• **What you are asked to do**
Which lines below hold the word "from"? Copy all of them.

--- START ---

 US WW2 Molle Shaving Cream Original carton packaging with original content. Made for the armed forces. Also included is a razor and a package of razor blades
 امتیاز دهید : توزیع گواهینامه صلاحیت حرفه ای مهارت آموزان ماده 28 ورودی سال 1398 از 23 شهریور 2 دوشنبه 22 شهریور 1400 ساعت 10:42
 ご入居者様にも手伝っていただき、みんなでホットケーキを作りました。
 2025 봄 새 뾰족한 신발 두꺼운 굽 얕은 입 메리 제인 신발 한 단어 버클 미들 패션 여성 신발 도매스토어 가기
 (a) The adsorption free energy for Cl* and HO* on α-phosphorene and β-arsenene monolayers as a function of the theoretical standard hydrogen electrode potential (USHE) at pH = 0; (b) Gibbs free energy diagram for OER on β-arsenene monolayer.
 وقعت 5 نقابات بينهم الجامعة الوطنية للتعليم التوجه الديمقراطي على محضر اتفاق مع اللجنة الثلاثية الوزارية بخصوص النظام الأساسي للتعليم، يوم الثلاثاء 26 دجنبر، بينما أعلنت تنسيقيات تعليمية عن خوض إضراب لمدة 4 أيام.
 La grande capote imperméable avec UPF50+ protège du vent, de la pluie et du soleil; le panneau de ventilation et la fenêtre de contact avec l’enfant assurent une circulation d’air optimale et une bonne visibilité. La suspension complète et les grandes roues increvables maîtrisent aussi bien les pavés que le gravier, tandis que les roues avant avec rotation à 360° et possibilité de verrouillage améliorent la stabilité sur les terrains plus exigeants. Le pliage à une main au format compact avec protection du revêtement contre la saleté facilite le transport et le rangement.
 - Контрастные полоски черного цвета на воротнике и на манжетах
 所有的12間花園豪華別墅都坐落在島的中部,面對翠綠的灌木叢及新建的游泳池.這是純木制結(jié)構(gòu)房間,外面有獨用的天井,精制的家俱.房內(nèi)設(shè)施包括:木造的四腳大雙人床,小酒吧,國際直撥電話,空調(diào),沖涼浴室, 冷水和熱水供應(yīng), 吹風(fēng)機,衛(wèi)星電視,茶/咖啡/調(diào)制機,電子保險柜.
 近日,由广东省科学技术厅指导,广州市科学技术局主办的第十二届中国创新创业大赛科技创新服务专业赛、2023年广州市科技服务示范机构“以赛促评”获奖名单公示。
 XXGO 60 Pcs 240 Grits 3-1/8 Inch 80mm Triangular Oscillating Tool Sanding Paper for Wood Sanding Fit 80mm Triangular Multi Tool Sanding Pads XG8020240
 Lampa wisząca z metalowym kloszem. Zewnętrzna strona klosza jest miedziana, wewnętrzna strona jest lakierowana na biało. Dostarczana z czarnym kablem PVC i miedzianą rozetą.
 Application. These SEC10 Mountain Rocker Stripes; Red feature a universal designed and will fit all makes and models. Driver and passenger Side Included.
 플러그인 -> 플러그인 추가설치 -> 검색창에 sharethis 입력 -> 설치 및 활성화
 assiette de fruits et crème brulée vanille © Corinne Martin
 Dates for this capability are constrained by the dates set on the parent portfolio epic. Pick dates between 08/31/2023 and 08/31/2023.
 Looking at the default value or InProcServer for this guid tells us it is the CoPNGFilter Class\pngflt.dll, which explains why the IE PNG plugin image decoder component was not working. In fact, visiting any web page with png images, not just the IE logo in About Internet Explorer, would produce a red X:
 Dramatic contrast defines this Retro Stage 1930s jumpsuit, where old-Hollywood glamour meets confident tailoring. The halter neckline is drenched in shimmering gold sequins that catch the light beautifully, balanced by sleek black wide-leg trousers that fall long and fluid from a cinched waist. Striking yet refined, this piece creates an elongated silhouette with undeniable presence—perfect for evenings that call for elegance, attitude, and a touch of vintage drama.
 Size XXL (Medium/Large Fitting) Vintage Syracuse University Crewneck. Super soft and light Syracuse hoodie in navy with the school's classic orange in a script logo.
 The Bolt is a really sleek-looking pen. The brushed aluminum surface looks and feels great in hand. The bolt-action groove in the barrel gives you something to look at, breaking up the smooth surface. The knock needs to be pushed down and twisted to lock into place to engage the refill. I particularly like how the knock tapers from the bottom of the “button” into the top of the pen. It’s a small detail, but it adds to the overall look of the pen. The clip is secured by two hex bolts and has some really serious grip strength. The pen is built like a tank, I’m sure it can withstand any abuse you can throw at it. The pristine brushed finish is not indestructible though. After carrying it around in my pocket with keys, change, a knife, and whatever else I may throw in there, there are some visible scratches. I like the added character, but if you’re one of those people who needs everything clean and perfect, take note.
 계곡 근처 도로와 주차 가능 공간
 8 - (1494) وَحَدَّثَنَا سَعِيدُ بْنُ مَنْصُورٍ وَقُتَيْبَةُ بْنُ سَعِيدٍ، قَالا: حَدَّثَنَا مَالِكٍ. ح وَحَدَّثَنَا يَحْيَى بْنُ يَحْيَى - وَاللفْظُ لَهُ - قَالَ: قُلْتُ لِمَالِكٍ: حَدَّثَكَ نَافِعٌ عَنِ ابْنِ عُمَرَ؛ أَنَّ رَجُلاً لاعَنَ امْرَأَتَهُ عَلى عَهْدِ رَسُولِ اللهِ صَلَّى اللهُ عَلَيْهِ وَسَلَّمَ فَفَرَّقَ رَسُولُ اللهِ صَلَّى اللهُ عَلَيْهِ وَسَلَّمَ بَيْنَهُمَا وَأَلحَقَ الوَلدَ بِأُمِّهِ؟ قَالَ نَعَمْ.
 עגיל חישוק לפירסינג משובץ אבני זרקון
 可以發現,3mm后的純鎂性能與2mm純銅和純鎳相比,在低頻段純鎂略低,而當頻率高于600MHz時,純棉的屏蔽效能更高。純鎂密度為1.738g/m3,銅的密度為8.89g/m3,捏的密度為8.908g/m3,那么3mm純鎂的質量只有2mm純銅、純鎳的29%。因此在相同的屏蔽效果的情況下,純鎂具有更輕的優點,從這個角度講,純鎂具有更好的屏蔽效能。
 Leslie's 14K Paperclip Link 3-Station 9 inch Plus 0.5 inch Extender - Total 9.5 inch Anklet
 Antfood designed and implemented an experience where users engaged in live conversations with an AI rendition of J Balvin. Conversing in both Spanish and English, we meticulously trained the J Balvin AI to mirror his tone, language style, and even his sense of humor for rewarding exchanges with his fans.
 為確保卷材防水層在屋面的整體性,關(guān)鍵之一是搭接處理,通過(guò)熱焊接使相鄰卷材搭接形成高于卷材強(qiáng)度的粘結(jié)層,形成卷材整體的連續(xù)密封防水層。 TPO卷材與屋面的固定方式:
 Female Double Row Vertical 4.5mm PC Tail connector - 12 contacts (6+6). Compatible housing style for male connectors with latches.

--- END ---

• **Answer below**
 Dramatic contrast defines this Retro Stage 1930s jumpsuit, where old-Hollywood glamour meets confident tailoring. The halter neckline is drenched in shimmering gold sequins that catch the light beautifully, balanced by sleek black wide-leg trousers that fall long and fluid from a cinched waist. Striking yet refined, this piece creates an elongated silhouette with undeniable presence—perfect for evenings that call for elegance, attitude, and a touch of vintage drama.
 The Bolt is a really sleek-looking pen. The brushed aluminum surface looks and feels great in hand. The bolt-action groove in the barrel gives you something to look at, breaking up the smooth surface. The knock needs to be pushed down and twisted to lock into place to engage the refill. I particularly like how the knock tapers from the bottom of the “button” into the top of the pen. It’s a small detail, but it adds to the overall look of the pen. The clip is secured by two hex bolts and has some really serious grip strength. The pen is built like a tank, I’m sure it can withstand any abuse you can throw at it. The pristine brushed finish is not indestructible though. After carrying it around in my pocket with keys, change, a knife, and whatever else I may throw in there, there are some visible scratches. I like the added character, but if you’re one of those people who needs everything clean and perfect, take note.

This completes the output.